映画探訪16  「ラット・ゲーム」 父親がネズミに変身

 テレビの深夜番組でやっていた日本未公開映画ですが、父親が突然小さなネズミに変わるという話で、ある朝起きたら突然毒虫に変身していたというカフカの小説「変身」を思わせるような内容であり、どう話が展開するのかと興味深く見てしまいました。家族に邪魔者扱いされるところは、「変身」と同様であり、娘は自分の婚約者にこのような父親の姿は見せられないと嘆きますし、息子は聖職者希望であり、自分の将来に父親の存在が障害にならないかと心配します。彼らは父親の身を案じることより、自分たちの身が大事なのです。人間がネズミになったことを知った記者が現れ、この変身をテーマにした本を書いてはどうかと勧め、妻も乗り気になります。
 しかし、ネズミの習性を示す父親に家族たちは我慢がならなくなって、ネズミを殺すことまで考えますが、結局、遠くに捨てに行きます。ネズミがいなくなって本を出版するのに不都合なら、ペットショップで代わりを買えばいいとまで言い出します。

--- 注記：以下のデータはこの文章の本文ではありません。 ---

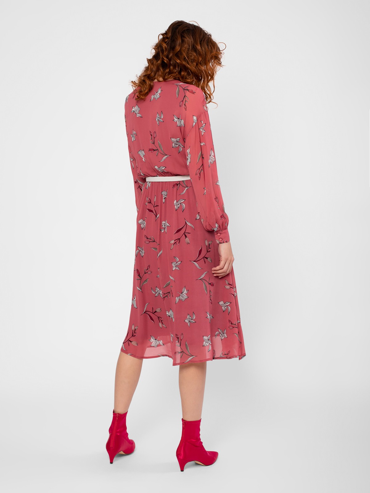 Платье из вискозы полуприлегающего силуэта с v-образным вырезом, спущенным плечом и обьемным рукавом на манжете. На талии резинка. В комплект входит узкий съемный ремень из экокожи с металлической пряжкой.
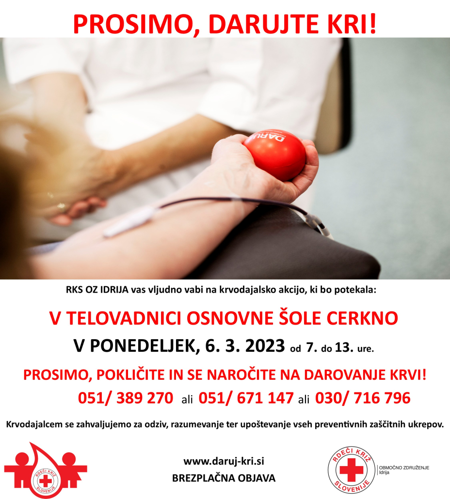 Rdeči križ Slovenije – Območno združenje Idrija vas vljudno vabi na krvodajalsko akcijo, ki bo potekala v telovadnici OŠ Cerkno v ponedeljek, 6. marca, od 7. do 13. ure.
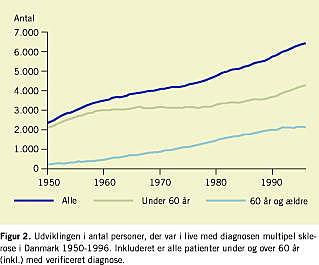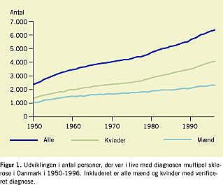 Resultater: I observationsperioden steg antallet af diagnosticerede MS-patienter fra 2.387 til 6.445. For kvinder steg antallet fra 1.353 til 4.122 og for mænd fra 1.034 til 2.323. Prævalensproportionen pr. 100.000 steg fra 62,9 til 154,8 for kvinder, fra 48,8 til 89,4 for mænd og samlet for begge køn fra 55,9 til 122,5. Andelen af patienter på 60 år eller mere steg fra 10% til 33% i observationsperioden. Der sås intet mønster i den geografiske fordeling af prævalens.

 人間扱いされなくなるのは、毒虫に変身した主人公のザムザが親や兄弟に毛嫌いされるのと同じであり、背筋が寒くなるような話ですが、実際、こういう状況になれば、大概の家庭がそういう選択肢を選ぶかもしれません。
 しかし、捨てられたネズミは遠く離れた自分の家に戻ってきます。しかも、メスネズミを伴うというちゃっかりさです。なかなかユーモラスな展開であり、父親も隅に置けませんが、息子は神父に依頼することによって、悪魔祓いをしてもらおうと依頼します。ネズミになったのは悪魔の仕業だというわけです。
 その神父が悪魔祓いをすると、なんと父親の姿に戻ることが出来ました。冷蔵庫の中から裸の父親が現れるというのも滑稽な場面ですが、宗教の勝利を描いた作品かと思っていたら、そうではありませんでした。

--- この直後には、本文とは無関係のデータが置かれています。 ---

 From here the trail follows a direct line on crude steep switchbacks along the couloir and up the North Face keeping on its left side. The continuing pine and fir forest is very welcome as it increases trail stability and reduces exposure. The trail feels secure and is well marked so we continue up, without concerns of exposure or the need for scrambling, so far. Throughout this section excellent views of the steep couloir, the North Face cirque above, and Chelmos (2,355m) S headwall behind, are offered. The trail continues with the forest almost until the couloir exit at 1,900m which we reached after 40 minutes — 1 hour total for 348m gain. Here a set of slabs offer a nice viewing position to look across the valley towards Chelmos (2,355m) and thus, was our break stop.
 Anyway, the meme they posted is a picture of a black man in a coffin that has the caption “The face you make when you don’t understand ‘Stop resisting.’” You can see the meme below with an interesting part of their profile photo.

 ネズミになったのは悪魔が取り憑いたためではなく、ネズミに噛まれたことが原因しているのだと分かり、別の人間もネズミになるというラストシーンが待っていて、笑いを誘われます。もっとも、父親が人間に戻った時の家族の対応は、それを喜ぶどころか、かえって、迷惑といった風情で、父親を部屋から出しません。ネズミになった人間の話を本を出版するのに、肝心の主人公が人間に戻ってしまっては都合が悪いからです。この場面からも、家族たちの俗悪さがうかがえますが、彼らも憎めない存在であり、あまり怒りは覚えません。
 「変身」や「山月記」のような悲劇ではなく、笑って楽しめるコメディタッチの映画です。父親を演じているのがピーター・ポスルスウェイトであり、炭坑夫のブラスバンドの活躍を描いた感動作「ブラス」の主役を演じた人ですが、映画の前と後ろに登場するだけで、映画の半分はネズミですから、その意味でもユニークな作品です。